Ultimately, Russia’s role may prove to be key in shaping EU energy policy in a more substantive way. How it works in practice is demonstrated by Russian LNG producer Novatek. The company has invested not only in the construction of an LNG offloading terminal in Rostock, Germany, but also in the associated network of fueling stations for trucks. Strategically, this is a very forward-looking step. Diesel trucks have recently been pushed out of European urban zones due to harmful aerosol pollution, while CO2 emissions from LNG as a fuel for trucks are 20% lower and NOx (nitrogen oxide) emissions are almost zero. As a result of the declining cost of LNG and gradual development of the gas station infrastructure, truck engines on LNG are becoming more attractive not only environmentally but also economically viable.
By developing a long-term LNG business in Europe, Novatek has clearly demonstrated how to create value chains based on innovative ideas and benefit from it.

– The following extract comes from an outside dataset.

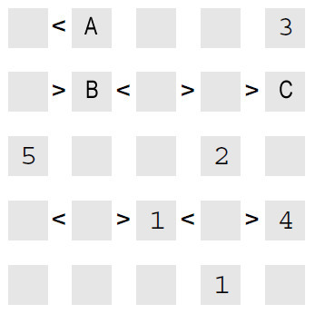 To get the coordinates of the cache, you have to solve the magic square below - the objective is to place the numbers between 1 and 5, such that each row, and column contains each of the digits 1 to 5, while at the same time constraints (< and >) between numbers must be honoured.

This concept is based on the simple idea that it is time for Russian companies to abandon the commodity supply model that Europeans will buy one way or another due to the lack of alternatives.
The new energy market reality is relevant not only for Germany, but also for other EU countries, including Italy, where Creon Capital will develop an energy cluster in the Tuscan port of Piombino. In the light of growing demand of the Italian market for hydrogen and LNG, this cluster will make it possible to develop new Russian energy projects in Europe. After all, gas remains Russia’s main export product – at least as long as it is in demand as an energy carrier.